Prior to my 2013 rebuild of my K2, the #2 cylinder always waited 10-15 seconds to start running (cold) until the other 3 had told it to get with the program. It would run with the choke fully on, but quit as soon as it was cracked open. After it warmed up a minute or so, it was fine.
Then at the rebuild, I installed a [much] later cam, from a K4 with less than 6000 miles on it (mine had lost almost -0.4mm of lift on 2 lobes, intakes both, at 131k miles). The cold start was slightly improved regarding #2, taking only half as long to wake up. But, this has a tradeoff of sorts: it will not pull away smoothly until the engine has run for a full minute, and #2 is always the culprit.
Inside my carbs, the #2 always fills up last. I can remove the float bowls and turn on the fuel, and the 1, 3, 4 carbs immediately dribble while #2 waits about 5-10 seconds (depending on fuel tank level) before dribbling. But, there is a way to make my #2 not do that (nor be cold-blooded): turning the tank's petcock to RESERVE position for cold start and waiting a few seconds, then starting, makes all 4 fire right up. After they will run with the choke off, I turn the petcock to normal run position and it is smooth.
I've witnessed this on a few other 750s I have had in my hands for a long period for full restos, etc. I have noticed in those that the late ones (K5/6) with the single-outlet petcock DON'T exhibit this one-carb-sleepy behavior, but the late ones are much more cold-blooded, requiring almost 2 minutes to pull away smartly from a cold start.
I might also mention: having the needles in the middle clip position doesn't match the mix profile for HM341 exhausts, if yours is running those. The middle position is for more-open pipes like 4-1, 4-2 or HM300 series pipes. This controls the mixture starting point where the slide takes control of the mixing from the pilot jet's hole as the pilot loses the suction. With the more-open pipes this vacuum point moves lower in RPM, so raising the needle to the middle matches that well (hence that setting in the K0/1 bikes). With slightly more restrictive pipes, raising the needle a notch brings the slide's fuel into play a little sooner when the backpressure starts slowing the intake speed down, so the velocity over the pilot jet's hole drops and it's suction falls off sooner - quite suddenly, I might add. Having the needle too high for the slide's opening causes sooty plugs, quickly.
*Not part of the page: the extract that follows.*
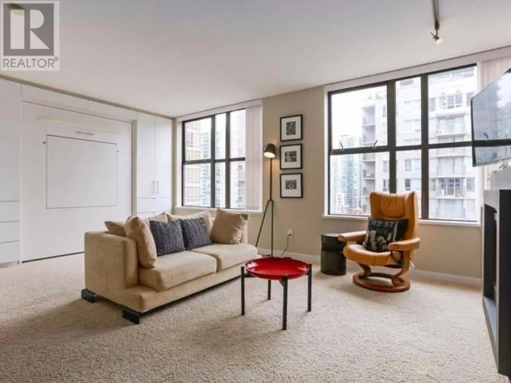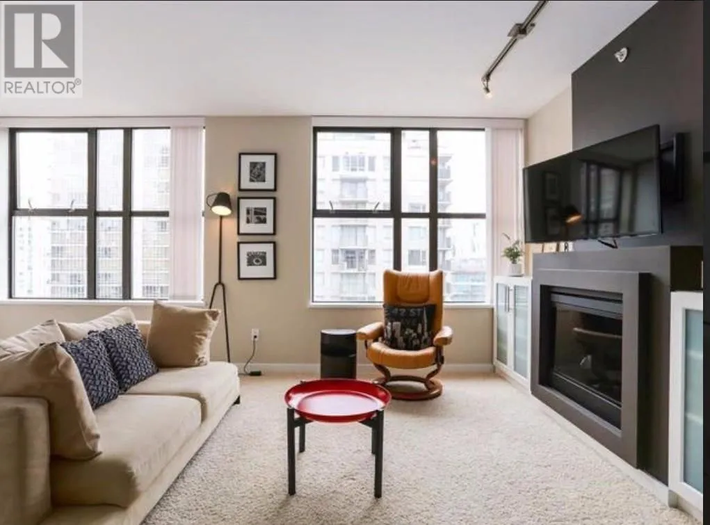 Welcome to Nova by Bosa, a concrete high-rise in the heart of Yaletown! This bright and efficient 1 bed + storage/Flex space with built in shelving home offers sweeping city and peekaboo water views from the 16th floor. The open-concept layout features bright windows, a spacious kitchen with gas range, granite counters, and a movable island perfect for entertaining. Enjoy a generous bedroom with a murphy bed with a built-in closet, in-suite laundry, and a cozy fireplace. Building amenities include an exclusive use of Eurospa w/steam room, whirlpool, fully equipped training gym, yoga studio.2 parking and 1 storage included. Steps to the seawall, Canada Line, shops, cafes, and all that downtown living has to offer. Pet and rental friendly - ideal for first-time buyers or investors. (id:27476)

And, the pilot jet's feed is what causes the stumble (or lack of it) when its mix ratio is different from that which comes out of the needle jet, especially when cold. Most of the time today, the pilot jet's screw seat is wider than when the carbs were made (because everyone keeps tightening that screw and the carb bodies are soft...), so the "1-turn" setting of OEM days now requires a slightly less-open value to match the OEM mixture ratios. My own carbs run at 3/4 turn now, 150k+ miles and 50+ years later. This provides the most seamless transition when cold, especially, and provides less carbon fouling of the sparkplugs when riding in traffic.